Let $C$ be a nonempty compact subset of $R^n$, with a certain partial order defined on it. I am trying to prove that $C$ contains a maximal element.
My idea is: start with a certain element of $C$. If it is not maximal, replace it with a larger element, and so on. This process results in a sequence of elements in $C$. Because of compactness, this sequence has a subsequence that converges to an element in $C$. This limit, $l$, must be a maximal element.
Is this true? I am particularly unsure about the last statement - is this true that the limit must be a maximal element?

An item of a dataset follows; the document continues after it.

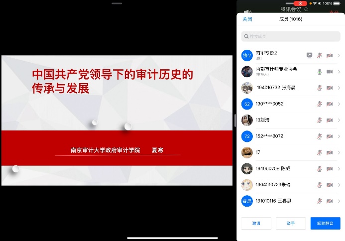 接下来她讲解了新时代国家审计的创新与发展。党的十九大以来,党中央将审计作为党和国家监督体系的重要组成部分,做出一系列重大决策部署,例如加强党对审计工作的领导、改革审计管理体制、进一步拓展审计监督业务范围等。她总结到,依托中国高速发展的经济背景和不断完善的社会制度,尤其是在以习近平总书记为中心的中国共产党领导下,当代中国的审计事业已经形成了富有中国特色的审计制度,在中国社会经济发展过程中起到了举足轻重的作用,在国际上也有较高的地位和影响力。

ADDITION: If the claim is not true, what condition can be added in order to make it true?
A second question is: if this theorem (possibly with an additional condition) is indeed true, is it a well-known fact that I can cite in a paper without having to prove it?
Counterexample: Consider the compact subset $[0,1] \subset \mathbb{R}$. Define the usual order on $[0,1) \subset [0,1]$, and extend to $[0,1]$ by defining $ 1 \leq x$ for all $x \in [0,1)$.
A couple of observations: (1) Given an ascending sequence approaching $1$, its limit (i.e. 1) is not maximal. (2) We could use your approach to find an ascending sequence that has limit $1/2$, say $x_n= \frac{1}{2} - \frac{1}{n}$. But $\frac{1}{2}$ is clearly not maximal in $[0,1]$, even with the usual ordering.
How to salvage it: Since you want to use the compactness of the set, it makes sense to at least have the partial order respect limits. That is, if $x_n \leq x_{n+1}$ for all $n$ and $x_n \to a$, then $x_n \leq a$ for all $n$.